Evaluating the Clinical Impact of Generative Inpainting on Bone Age Estimation

Felipe Akio Matsuoka,Eduardo Moreno J. M. Farina,Augusto Sarquis Serpa,Soraya Monteiro,Rodrigo Ragazzini,Nitamar Abdala,Marcelo Straus Takahashi,Felipe Campos Kitamura

from arxiv, 8 pages, 4 figures

Generative foundation models can remove visual artifacts through realistic image inpainting, but their impact on medical AI performance remains uncertain. Pediatric hand radiographs often contain non-anatomical markers, and it is unclear whether inpainting these regions preserves features needed for bone age and gender prediction. To evaluate the clinical reliability of generative model-based inpainting for artifact removal, we used the RSNA Bone Age Challenge dataset, selecting 200 original radiographs and generating 600 inpainted versions with gpt-image-1 using natural language prompts to target non-anatomical artifacts. Downstream performance was assessed with deep learning ensembles for bone age estimation and gender classification, using mean absolute error (MAE) and area under the ROC curve (AUC) as metrics, and pixel intensity distributions to detect structural alterations. Inpainting markedly degraded model performance: bone age MAE increased from 6.26 to 30.11 months, and gender classification AUC decreased from 0.955 to 0.704. Inpainted images displayed pixel-intensity shifts and inconsistencies, indicating structural modifications not corrected by simple calibration.
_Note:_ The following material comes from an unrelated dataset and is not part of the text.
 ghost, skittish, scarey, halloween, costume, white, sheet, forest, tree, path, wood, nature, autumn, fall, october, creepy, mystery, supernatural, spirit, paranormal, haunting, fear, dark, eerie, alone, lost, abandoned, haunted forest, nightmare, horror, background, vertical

These findings show that, although visually realistic, foundation model-based inpainting can obscure subtle but clinically relevant features and introduce latent bias even when edits are confined to non-diagnostic regions, underscoring the need for rigorous, task-specific validation before integrating such generative tools into clinical AI workflows.
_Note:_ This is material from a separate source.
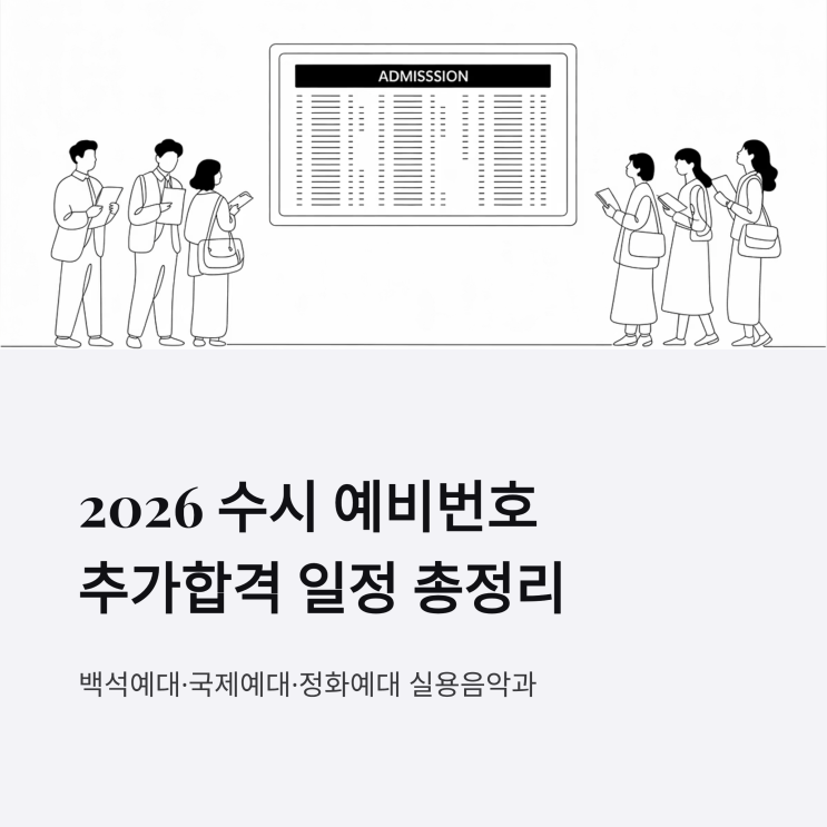 2026 실용음악과 백석·국제·정화 수시 예비 추가합격 일정/시간 이번 포스팅은 타 학교와 비교해 실용음악과 모집인원 / 지원자가 많고 예비번호 이동이 큰 편인 백석예술대학교·국제예술대학교·정화예술대학교 를 중심으로, 2026학년도 수시 합격 발표 이후 추가합격(충원) 발표 일정과 확인 포인트를 한 번에 정리했습니다. 실용음악과는 중복 합격 이동이 많아 충원 발표가 여러 차수로 이어지며, 학교마다 발표 방식(전화/조회)과 등록·납부 마감 시간이 달라 ‘날짜는 아는데 시간’을 놓쳐 탈락하는 경우가 생길 수 있습니다. 이 글에서는 3개교 일정표와 날짜순 통합 체크표, 그리고 실수 방지 체크리스트까지 함께 제공해 추가합격 기간....... <img src="https://blogthumb.pstatic.net/MjAyNTEyMThfMjE3/MDAxNzY2MDYyMTYxMTAy.rk1TMAKC3R-tVK6S4D8_Ti3UyFcRKTl69oMhiMcPF-8g.pY8GaIWvrYIFwVeJrQwOUHM1XYv1tQelJWofwOvqARMg.PNG/1_2026.png?type=s3" />

翻译：生成式基础模型能够通过逼真的图像修复去除视觉伪影，但其对医学人工智能性能的影响尚不明确。儿科手部X光片常包含非解剖学标记，目前尚不清楚修复这些区域是否会保留骨龄和性别预测所需的特征。为评估基于生成式模型的伪影修复在临床上的可靠性，我们使用RSNA骨龄挑战数据集，选取200张原始X光片，并利用gpt-image-1模型通过自然语言提示生成600张修复版本，以针对非解剖学伪影进行修复。通过深度学习集成模型评估下游性能，包括骨龄估计和性别分类，采用平均绝对误差（MAE）和受试者工作特征曲线下面积（AUC）作为评估指标，并利用像素强度分布检测结构变化。修复显著降低了模型性能：骨龄MAE从6.26个月增至30.11个月，性别分类AUC从0.955降至0.704。修复后的图像显示出像素强度偏移和不一致性，表明存在未通过简单校准纠正的结构性修改。这些发现表明，尽管视觉上逼真，基于基础模型的图像修复可能掩盖细微但具有临床相关性的特征，并引入潜在偏差，即使编辑仅限于非诊断区域。这强调了在将此类生成式工具整合到临床人工智能工作流之前，需进行严格、任务特异性的验证。